Pleuroparenchymal fibroelastosis – a new diagnostic and therapeutic challenge for pneumologists

Introduction:

Pleuroparenchymal fibroelastosis (PPFE) is a rare condition with upper lobe predominant fibroelastosis and pleural thickening. PPFE is now recognized as specific rare entity, usually idiopathic, and included as a new entity in the updated classification of the idiopathic interstitial pneumonia.

Case Report:

A 63 years old non-smoking woman presented with progressive dyspnoea on exertion and dry cough. There was no significant occupational exposure, allergy or history of systemic disease. 3 years ago idiopathic pulmonary fibrosis (IPF) was diagnosed by surgical biopsy in another hospital.
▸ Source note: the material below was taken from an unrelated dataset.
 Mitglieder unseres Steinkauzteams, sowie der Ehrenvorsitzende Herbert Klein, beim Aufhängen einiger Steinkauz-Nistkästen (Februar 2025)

At current hospitalization physical examination revealed bilateral crackles but no clubbing. High resolution computed tomography (HR-CT) demonstrated upper lobe predominant pleural thickening and reticular opacities, traction bronchiectasis, subpleural and peribronchial consolidation, upper lobe shrinkage, architectural distortion, and minor honeycombing in the lower lobes. Bronchoalveolar lavage cell differential was normal. Forced vital capacity was markedly lower (55% of predicted) than 3 years ago (72% of predicted). There was no clinical or serological evidence of a connective tissue disease, vasculitis or hypersensitivity pneumonitis.
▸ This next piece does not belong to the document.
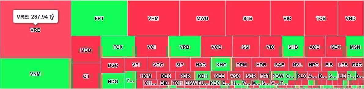 Ngược lại, áp lực bán ròng tập trung mạnh vào nhóm bluechips. VRE dẫn đầu với giá trị bán ròng hơn 288 tỷ đồng, nối dài chuỗi phiên chịu áp lực xả mạnh.

Because of the atypical location of fibrosis in HR-CT, the surgical biopsy of 2009 was reevaluated. Histologically, subpleural fibroelastosis, alveolar-septal fibrosis and a possible usual interstitial pneumonia (UIP) pattern (absence of fibroblastic foci) were found.

Conclusion:

In the case of an atypical UIP pattern on imaging with upper lobe predominant fibrosis and pleural thickening, PPFE should be considered as a differential diagnosis. The clinical presentation may be indistinguishable from IPF.